В голове ни одной мысли; единственное место, где можно найти ответ, – это библиотека. Я, конечно, понимаю, что так не делается: нельзя же подойти к стойке и попросить справочник для самоубийц, но сейчас ничего другого придумать не могу. Хватаю такси; за рулем сидит здоровенный мужик с огромной башкой. Ему приходится склонять ее набок, чтобы не упираться в крышу; как только я сажусь к нему в машину, он начинает молоть языком.
На выходные-то все поразъехались, говорит он, вроде как обращаясь к своему автомобилю, будто продолжает историю, начало которой слышал самый первый утренний пассажир, а конец услышит самый последний. Я пропускаю его треп мимо ушей.
Так вам куда – в библиотеку, что ли?
Мое отражение в зеркале заднего вида кивает.

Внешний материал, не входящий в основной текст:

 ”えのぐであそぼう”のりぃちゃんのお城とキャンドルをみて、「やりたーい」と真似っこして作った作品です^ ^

Понял, не дурак, просто уточняю.
Господи, минуты не прошло, а он уже должен уточнять.
К вечеру здесь не протолкнуться будет, бампер к бамперу. Люди с выходных вернутся, продолжает он.

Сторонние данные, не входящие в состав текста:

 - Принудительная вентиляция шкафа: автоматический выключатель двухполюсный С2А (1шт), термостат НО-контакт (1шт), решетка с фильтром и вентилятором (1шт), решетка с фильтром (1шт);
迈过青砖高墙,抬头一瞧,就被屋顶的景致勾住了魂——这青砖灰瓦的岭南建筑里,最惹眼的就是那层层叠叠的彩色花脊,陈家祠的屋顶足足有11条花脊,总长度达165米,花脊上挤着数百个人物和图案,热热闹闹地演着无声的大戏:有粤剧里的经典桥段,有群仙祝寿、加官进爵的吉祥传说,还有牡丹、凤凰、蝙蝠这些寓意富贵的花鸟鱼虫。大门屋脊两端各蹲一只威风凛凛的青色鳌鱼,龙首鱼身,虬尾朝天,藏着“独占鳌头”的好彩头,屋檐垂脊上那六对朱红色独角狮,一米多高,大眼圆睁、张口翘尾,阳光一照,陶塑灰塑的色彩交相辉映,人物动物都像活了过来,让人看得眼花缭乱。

Едем вперед; гигантская башка всю дорогу трендит.
Было дело – поехал я на отдых в Европу, в Амстердам. Где меня только не носило. Но Амстердам никогда не забуду, оттянулся там по полной.
Под фоновый шум его голоса разглядываю мелькающие за окном здания, фонарные столбы, перекрестки. Когда-то это было мне в диковинку. Правда, недолго. А теперь куда ни приеду – кажется, что все уже сто раз видено.
Останавливаемся у библиотеки, а таксист не умолкает, при том что я уже выбираюсь из автомобиля.
Амстердам. Виски, гашиш – считай, даром. Амстердам, Монреаль – гашишные столицы мира.
Хлопаю дверцей и поднимаюсь по каменным ступеням.
Но стояк напрочь убивает!
Это он перегнулся через пассажирское сиденье и кричит мне вслед через полуопущенное окно.
Готов поспорить: если провести прямые линии сквозь время, сквозь бесчисленные поездки на такси, все они сойдутся в этой точке. Я что хочу сказать: какие-то вещи предрешены заранее, и неважно, сколько поездок на такси их разделяет. Просто вещи так устроены. Вот я, к примеру, выхожу из такси, поднимаюсь по этим каменным ступеням, а мысленным взором вижу Гигантскую Башку в углу прокуренного бара: глаза до красноты разъело от дыма, и этот купол возвышается надо всем вокруг, подобно горной вершине, уходящей под облака; а на последней ступеньке я откуда-то вызнаю ответ.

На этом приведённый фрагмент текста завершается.